* _WORK REQUIRED_:
Write out the records in full and without alteration, setting aside their pictures.

* _RECORDS TO USE_:
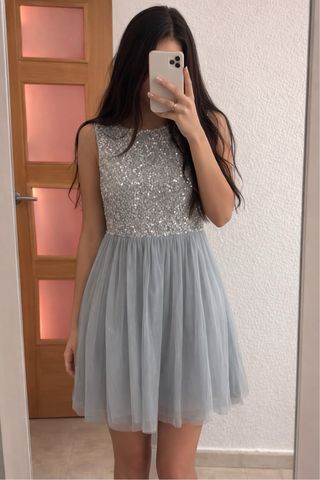 Vestido de fiesta lentejuelas plateadas
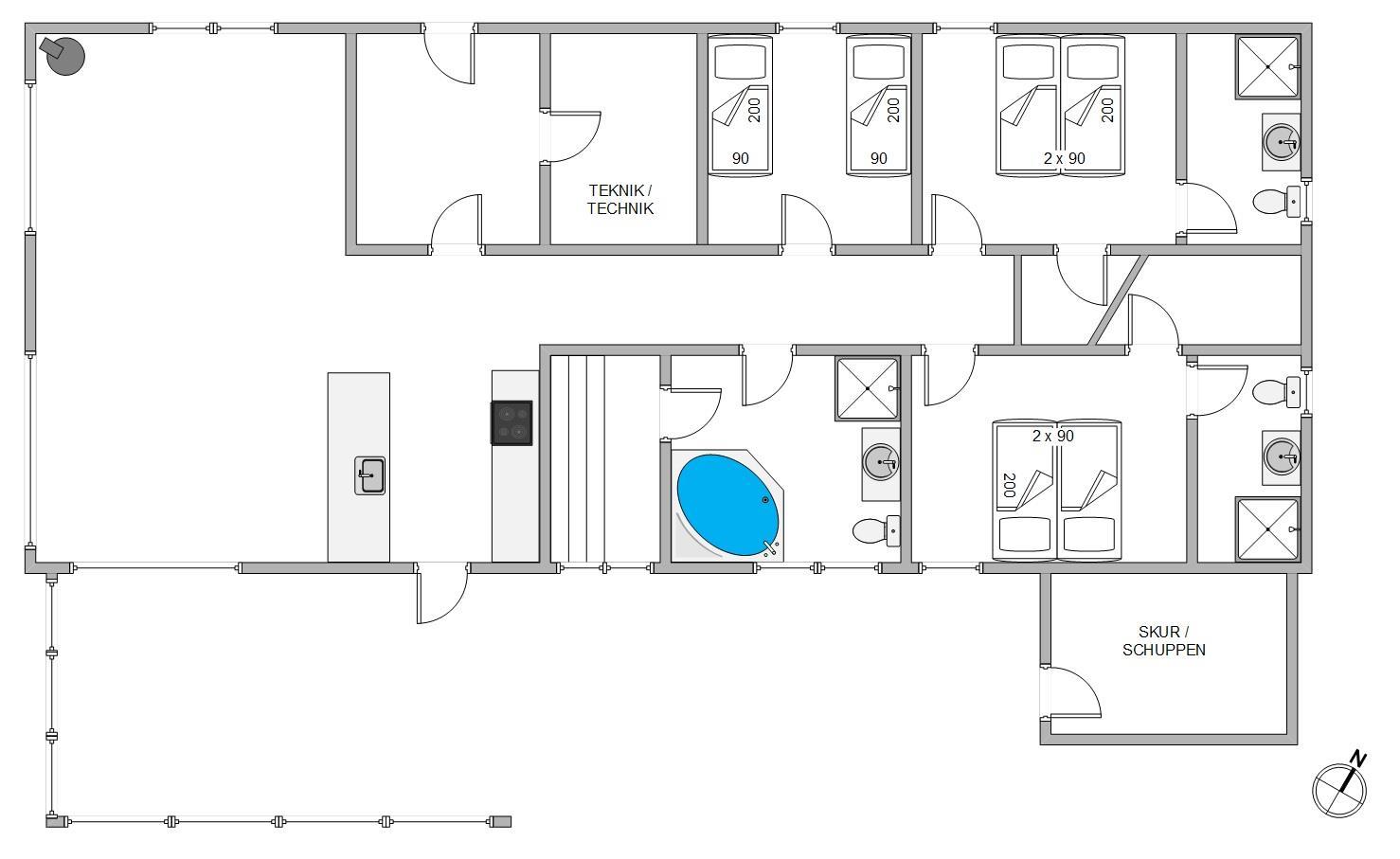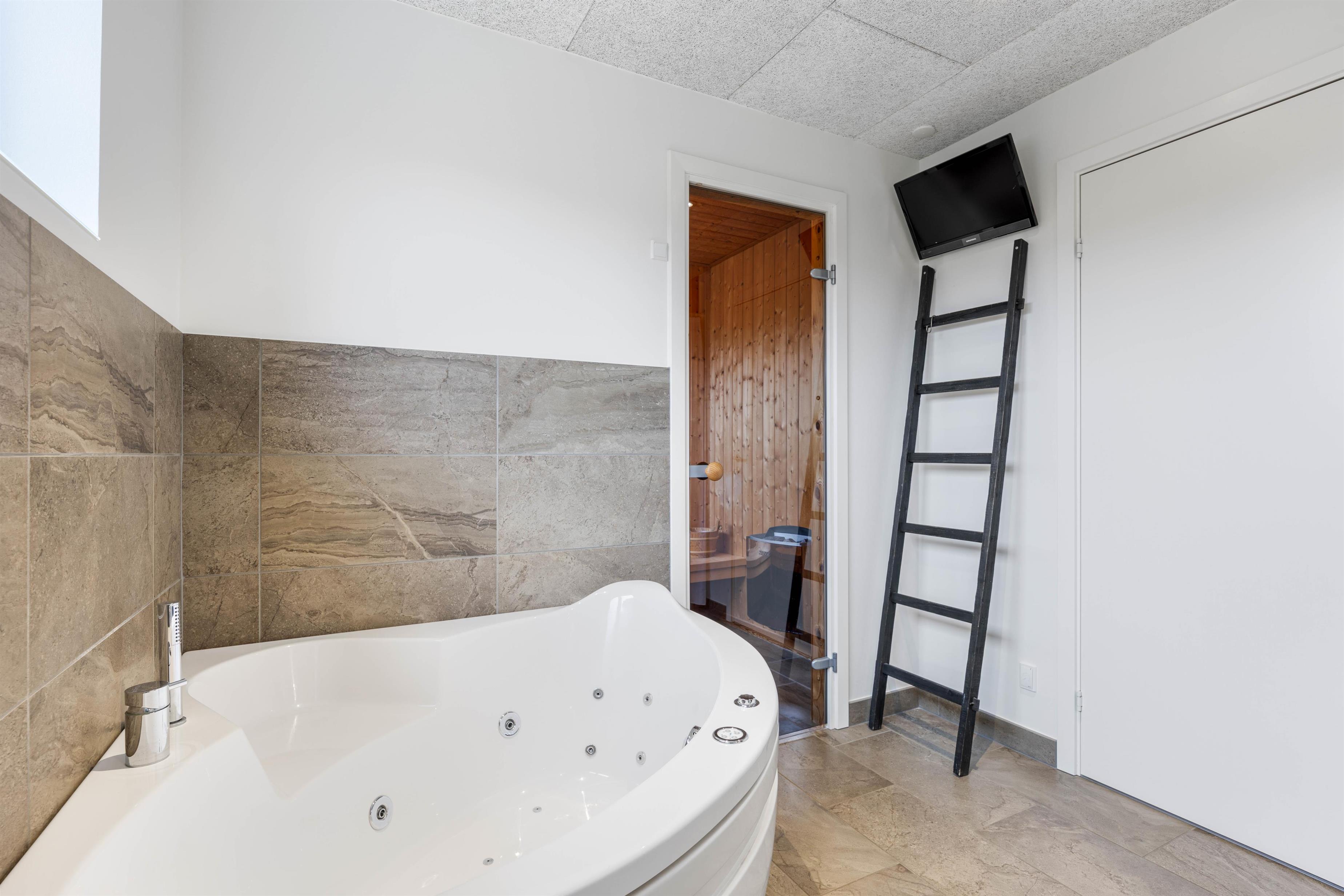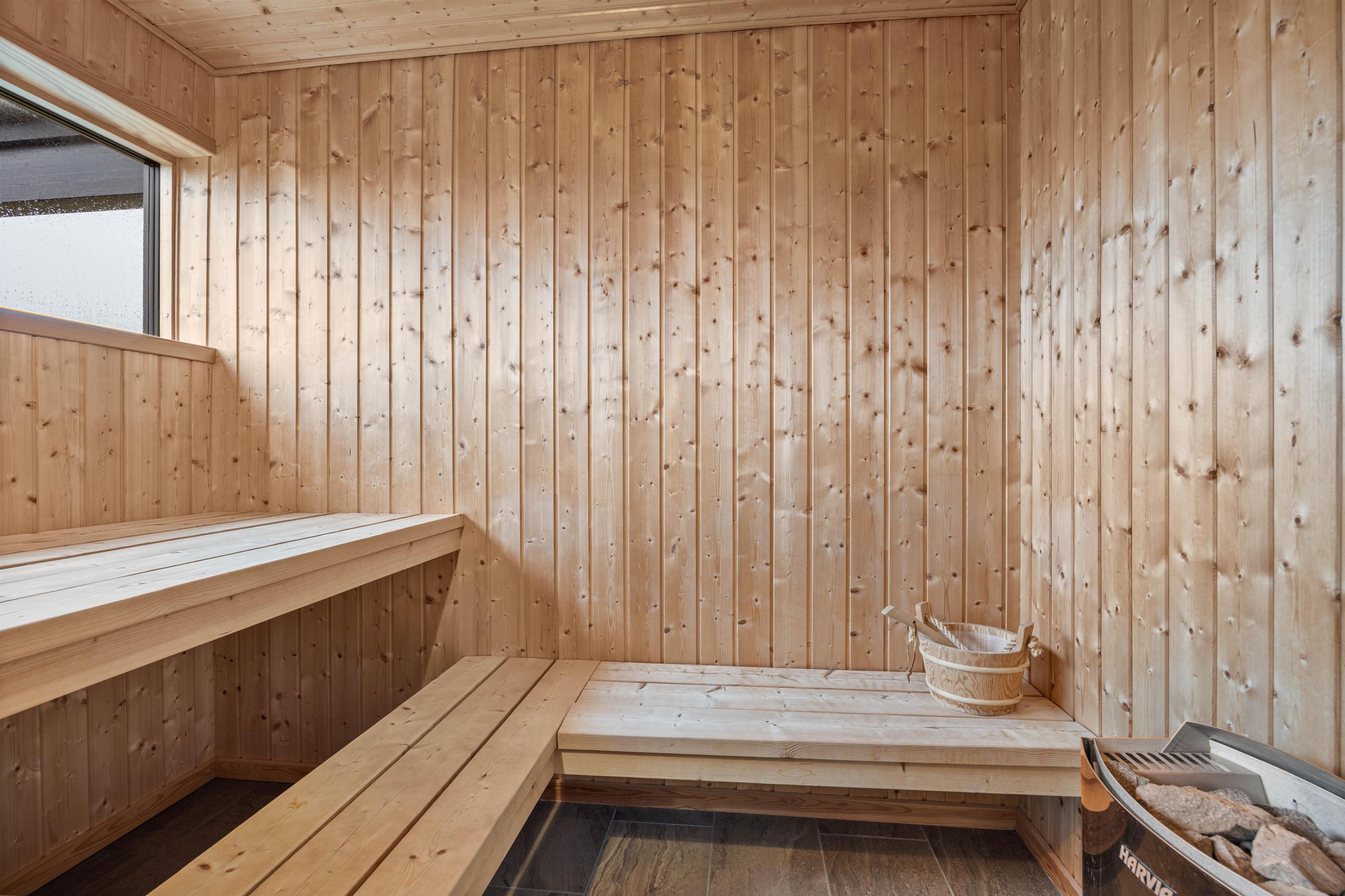 I det moderne feriehjem er der lagt stor vægt på, at I skal kunne nyde den tiltrængte ferie i fulde drag, og derfor er der også sørget for lidt ekstra wellness. Fra det største af husets 3 badeværelser har I adgang til jeres egen private wellnessafdeling med både sauna og spabad, hvor I kan forkæle jer selv og hinanden lidt ud over det sædvanlige.
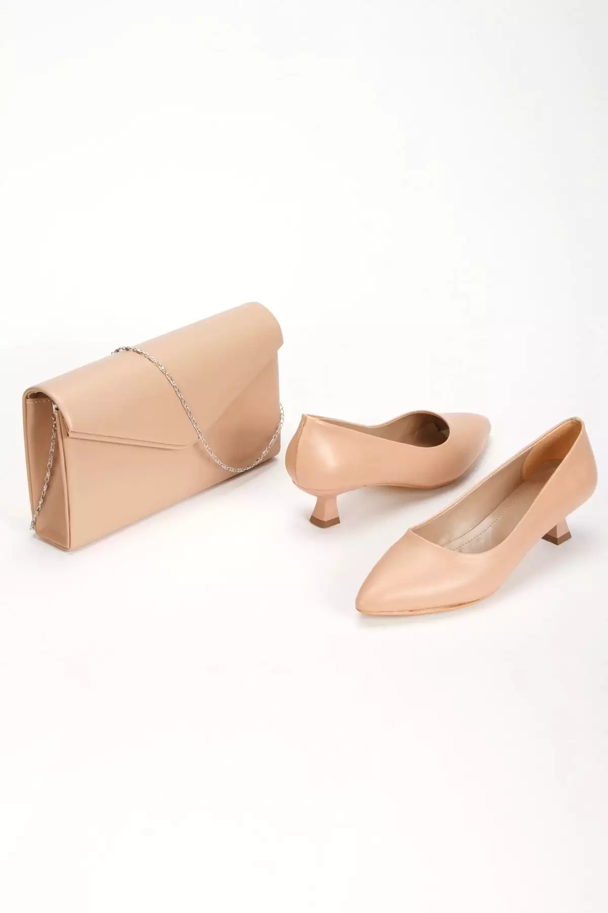 ست کیف و کفش پاشنه بلند زنانه به رنگ مستحکم پوست برند GULT
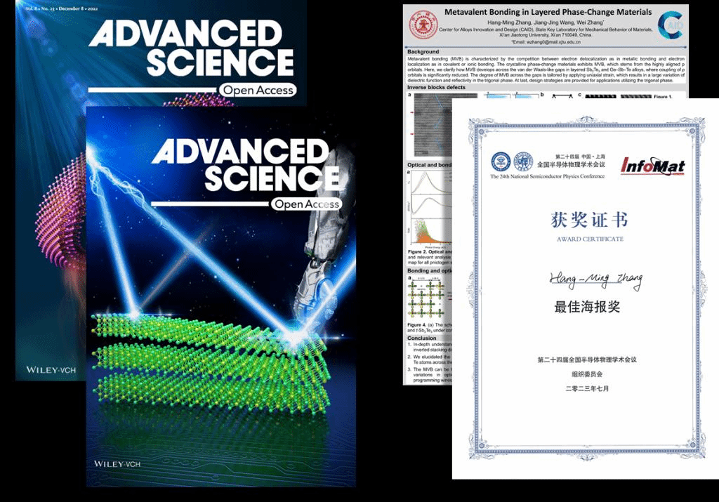 在攻克科研难题时,张航铭虚心向导师和学长学姐请教,并不断优化提升,形成良好的正反馈机制,在科研工作中以高标准严格要求自己,不断取得进步,收获了累累硕果。硕士期间在Advanced Science、《科学通报》高水平期刊累计发表研究性论文5篇,其中以(学生/共同)一作发表的论文2篇,在投3篇,累计影响因子近60,有2篇论文遴选为Advanced Science期刊的封面论文,其中对层状相变材料的键合机理研究在第24届全国半导体物理学术会上从300多个参赛作品中脱颖而出,获得InfoMat最佳海报奖。
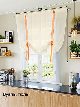 ВыбратьТюль 1 шт. Легкий, мягкий тюль из бежевой вуали дополнен отделкой из атласных лент оранжевого цвета. Тюль имитирует римскую штору. Подъем и опускание осуществляется за счет декоративных лент. Вуаль с матовой полупрозрачной текстурой. Отличается особым шиком, идеально подходит для создания воздушных штор. Придает ощущение свежести, хорошо пропускает воздух. Ткань неприхотлива в уходе, хорошо стирается без разрушения волокон с течением времени за счет высокого кручения нитей.
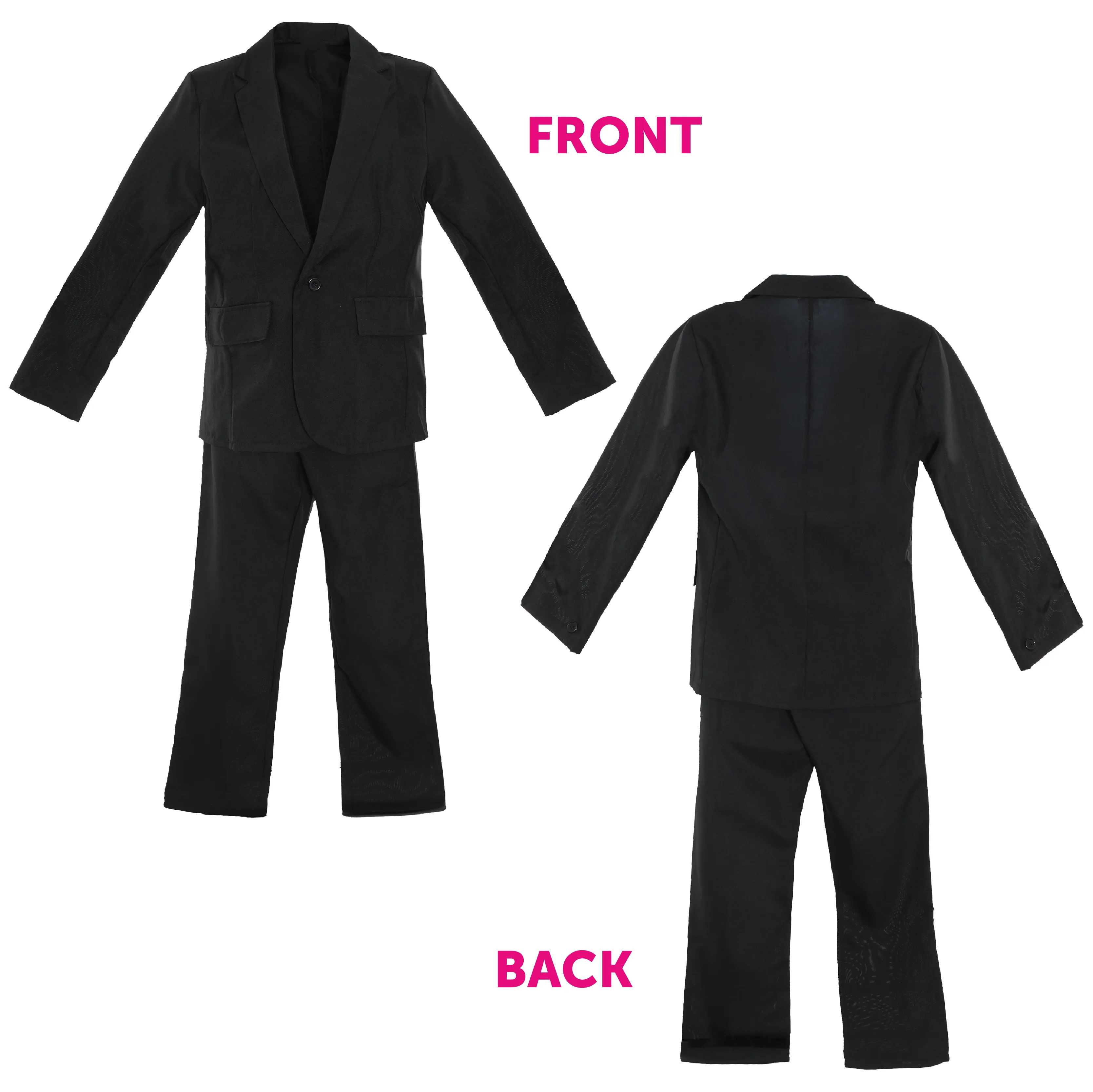 The costume includes a two-piece black suit with a smart blazer and matching trousers, featuring a button fastening and elasticated waistband for a comfortable fit. Pair it with the included black tie, which is fully adjustable to suit your style.

* _SOLUTION_:
 Vestido de fiesta lentejuelas plateadas
 I det moderne feriehjem er der lagt stor vægt på, at I skal kunne nyde den tiltrængte ferie i fulde drag, og derfor er der også sørget for lidt ekstra wellness. Fra det største af husets 3 badeværelser har I adgang til jeres egen private wellnessafdeling med både sauna og spabad, hvor I kan forkæle jer selv og hinanden lidt ud over det sædvanlige.
 ست کیف و کفش پاشنه بلند زنانه به رنگ مستحکم پوست برند GULT
 在攻克科研难题时,张航铭虚心向导师和学长学姐请教,并不断优化提升,形成良好的正反馈机制,在科研工作中以高标准严格要求自己,不断取得进步,收获了累累硕果。硕士期间在Advanced Science、《科学通报》高水平期刊累计发表研究性论文5篇,其中以(学生/共同)一作发表的论文2篇,在投3篇,累计影响因子近60,有2篇论文遴选为Advanced Science期刊的封面论文,其中对层状相变材料的键合机理研究在第24届全国半导体物理学术会上从300多个参赛作品中脱颖而出,获得InfoMat最佳海报奖。
 ВыбратьТюль 1 шт. Легкий, мягкий тюль из бежевой вуали дополнен отделкой из атласных лент оранжевого цвета. Тюль имитирует римскую штору. Подъем и опускание осуществляется за счет декоративных лент. Вуаль с матовой полупрозрачной текстурой. Отличается особым шиком, идеально подходит для создания воздушных штор. Придает ощущение свежести, хорошо пропускает воздух. Ткань неприхотлива в уходе, хорошо стирается без разрушения волокон с течением времени за счет высокого кручения нитей.
 The costume includes a two-piece black suit with a smart blazer and matching trousers, featuring a button fastening and elasticated waistband for a comfortable fit. Pair it with the included black tie, which is fully adjustable to suit your style.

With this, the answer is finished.